Maturity of strategies
This mentioned, the concept giant surveys will be non-representative and induce bias because of this is new. Professor Meng’s technique of quantifying such bias is just 5 years previous and was first utilized to a main instance in vaccination surveys within the U.S. solely two years in the past. Researchers want extra time for these strategies to mature and to be adopted within the applicable contexts. Only then can they inform essential modifications.
For instance, if researchers discover that part of the agricultural overestimation bias is because of an absence of the suitable sampling body, given the 2011 Census is 13 years previous now, we are going to want Census 2021 to be undertaken and accomplished posthaste to enhance the info high quality. In this sense, we agree with Dr. Ravi that discussions, and actions if warranted, round information high quality are the necessity of the hour.

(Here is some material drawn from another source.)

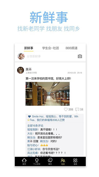 2、聊天、交友,盘点校园生活、参与事件评说、积极展现自我,趣事热门话题一应俱全。

Most Indians stay in rural areas
Our remaining concern is about a suggestion in Dr. Ravi’s article, articulated as “gap between ground realities and survey estimates”, “population projections falling short of rapid pace of change on ground”, and that “these surveys grossly and systematically underestimate India’s progress and development”.
A query arises: if no information (from surveys or projections) seize fast urbanisation, how can we declare that it exists? Our personal work has discovered robust settlement between modelled information from dependable worldwide sources and India’s Census-based projections for whole, rural, and concrete populations for 2017.
Dr. Ravi’s suggestion that “progress” in different dimensions, together with well being, wealth, and social improvement, which can be tied to urbanisation is being underestimated opens the door to a extra significant issue: that of rural-urban disparity. That is, if our rural populations did in addition to city populations on all such indicators – overestimated or not – there wouldn’t be any issues about systematic underestimation of enhancements throughout the financial system.
But information from numerous sources verify that rural India lags behind its city counterpart, which makes its overestimation an issue past the legitimate data-quality issues. Focusing on rural-urban disparities in well being, wealth, and many others. is important given all of us agree that almost all Indians stay in rural areas.
In his 2018 paper, Prof. Meng famous that his curiosity within the representativeness bias drawback arose from the query, “Which one should we trust more, a 5% survey sample or an 80% administrative dataset?” The corollary right here could be: Which one should we belief extra, biased survey estimates or unsupported optimistic speculations about on-ground progress?
Siddhesh Zadey is cofounder of the non-profit think-and-do tank Association for Socially Applicable Research (ASAR) India and a researcher on the Global Emergency Medicine Innovation and Implementation (GEMINI) Researcher Centre, Duke University US. Pushkar Nimkar is an engineer turned economist at the moment volunteering as a knowledge analyst with ASAR. He additionally works on the Department of Economics at Duke University. Parth Sharma is a doctor and a public well being researcher who volunteers at ASAR. He can also be the founding father of Nivarana.org.